NA CÂMARA DE LISBOA, a confusão parece não ter fim. Primeiro foi a quebra da coligação Carmona Rodrigues/Maria José Nogueira Pinto e o triste episódio que lhe serviu de pretexto. Andou-se para aí uns dias a analisar quem é que teria sido mais "desleal", quem é que teria tomado a iniciativa de "romper"... Interpretações telenovelescas à parte, parece claro que é o presidente da câmara quem sai politicamente enfraquecido. Não só porque passa a ter de governar em minoria, mas, principalmente, porque resulta de todo o processo que, do lado social-democrata, houve menos desacordo do que tacticismo ("ciumeira" se preferirem).

Mas, do lado da oposição, a paisagem também não dá para grandes optimismos. O PCP e o BE revelam-se (coerentemente?) forças conservadoras que, antes de mais, dizem não, não e não. E o PS, que, numa situação "normal" poderia ter aqui uma boa oportunidade para se mostrar útil, surge dividido e mal preparado.

Como se isto não bastasse, o próprio PSD-Lisboa entretém-se em guerrinhas internas (numa forma mista, muito portuguesa, de guerra surda e guerra aberta, em que um grupo de deputados municipais pode desobedecer ao partido declarando-se obediente ao partido...). E Carmona Rodrigues vai-se enrolando em erros, indecisões, trapalhadas.

Durante algum tempo, o actual presidente ainda conseguiu vender uma imagem simpática de simples "técnico" (por oposição, estava implícito, aos malvados dos "políticos"...), mas esse meio trunfo já lá vai. Hoje, ao contrário, era exigível que fosse mais político: que tivesse ideias mais claras, que estivesse mais seguro das opções que defende e que fosse capaz de lançar uma visão de médio e longo prazo para a cidade. Desse modo, seria porventura mais fácil manter compromissos - acordos políticos suportados por objectivos comuns e não pela mera "força das circunstâncias" -, mas também ser menos permeável a sopros de um lado e do outro.
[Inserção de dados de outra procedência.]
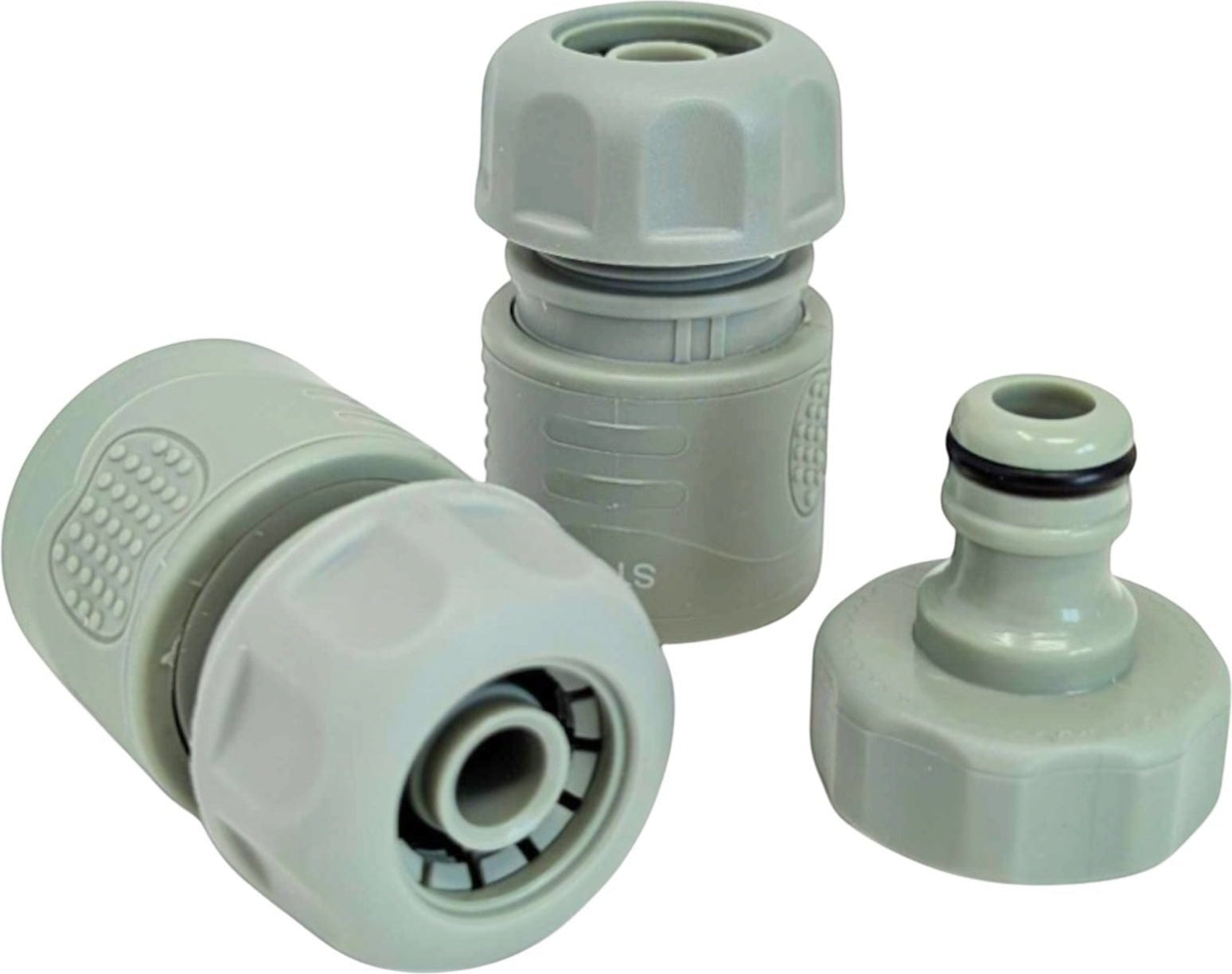 - 3-dielna sada pozostáva z 1/2 palcovej hadicovej prípojky, prípojky na vodovodný kohútik G 26,5 mm (3/4 palca) a 1/2 palcovej zátky water stop
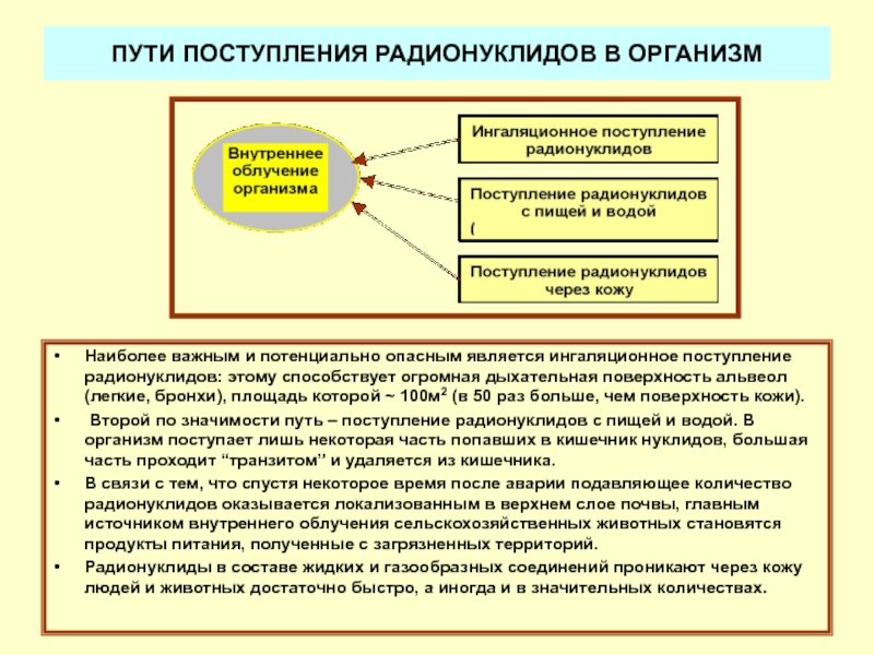 Слайд 19ПУТИ ПОСТУПЛЕНИЯ РАДИОНУКЛИДОВ В ОРГАНИЗМ

Pelo andar da carruagem, e apesar da espantosa vitória nas últimas eleições, o hesitante presidente arrisca-se a ficar para a História, afinal, como apenas mais um subproduto santanista.

E, entretanto, Lisboa vai ficando cada vez mais adiada, encravada por questiúnculas de vaidades, guerrilhas tribais e mesquinhos jogos de poder.